A Luneta Mágica é um texto fácil e rápido, mas não é gratuito. É divertido, mas não é banal. Rimos da inocência de Simplício, ultrajada por familiares, mulheres, amigos e oportunistas de plantão, mas poderíamos chorar. A impressão que fica, ao fim da leitura, é a de que, com o passar do tempo, estamos a cada dia mais idiotizados nas relações humanas, políticas e sociais.

- Consola‑te, mano; tudo tem compensação: a tua miopia é uma desgraça; mas porque és míope não vês como são bonitos os bordados da farda de um ministro de estado, e portanto não te exasperas por não poder ostentá‑los.

Ainda bem que já foi decretado O Fim da História. Por quem, mesmo?

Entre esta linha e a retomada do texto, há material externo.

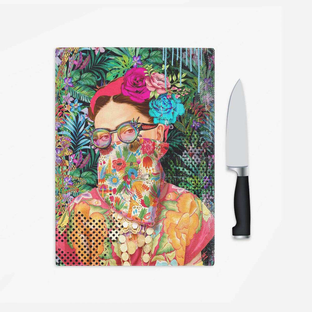 Celebrate the iconic spirit and vibrant art of Frida Kahlo with the Frida Kahlo Tropical Chopping Board from RockSaltPrints. Featuring a bold and colorful design inspired by her unique style and love for nature, this chopping board adds a touch of artistic flair and personality to your kitchen.
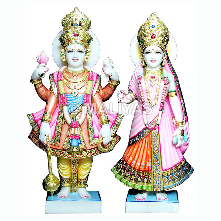 รูปปั้นลักษมีนารายณ์หินอ่อนหลากสีสันแบบตั้งพื้น | รูปปั้นหินอ่อนวิชุนและลักษมี งานฝีมือสำหรับบ้านและวัด – มาลียาส
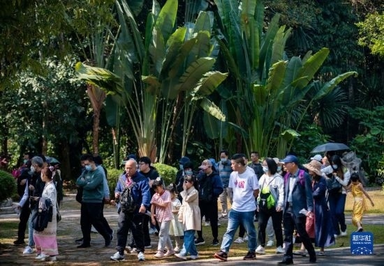 游客在位于云南省西雙版納州勐臘縣勐侖鎮(zhèn)的中國科學院西雙版納熱帶植物園內(nèi)游覽(2023年2月12日攝)。
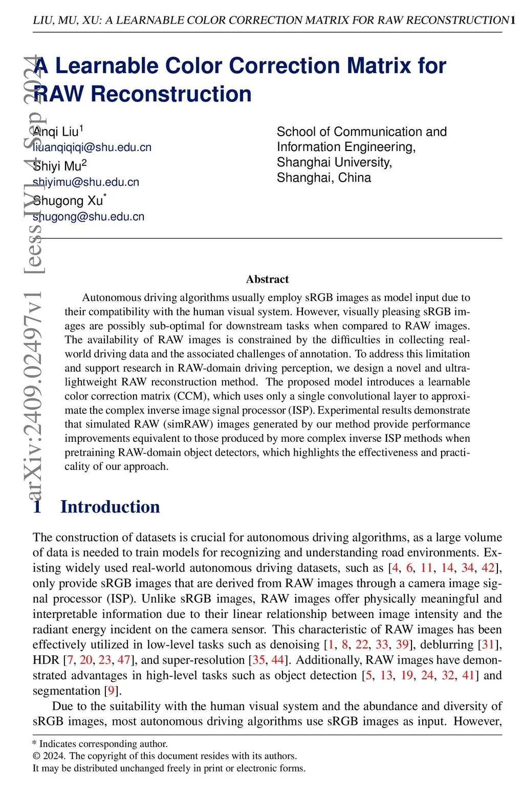 Autonomous driving algorithms usually employ sRGB images as model input due to their compatibility with the human visual system. However, visually pleasing sRGB images are possibly sub-optimal for downstream tasks when compared to RAW images. The availability of RAW images is constrained by the difficulties in collecting real-world driving data and the associated challenges of annotation. To address this limitation and support research in RAW-domain driving perception, we design a novel and ultra-lightweight RAW reconstruction method. The proposed model introduces a learnable color correction matrix (CCM), which uses only a single convolutional layer to approximate the complex inverse image signal processor (ISP). Experimental results demonstrate that simulated RAW (simRAW) images generated by our method provide performance improvements equivalent to those produced by more complex inverse ISP methods when pretraining RAW-domain object detectors, which highlights the effectiveness and practicality of our approach.

Nota: Em 1986, Wilson Rocha adaptou A Luneta Mágica para a série Teletema, da Rede Globo. O programa foi exibido de 26 a 30 de maio de 1986 e reprisado de 10 a 14 de janeiro de 1987 (Fonte: Memória Globo. Em 2009, a obra está sendo lançada no formato de História em Quadrinhos, com adaptação de Carlos Patati e arte de Marcio Castro, pela a Panda Books.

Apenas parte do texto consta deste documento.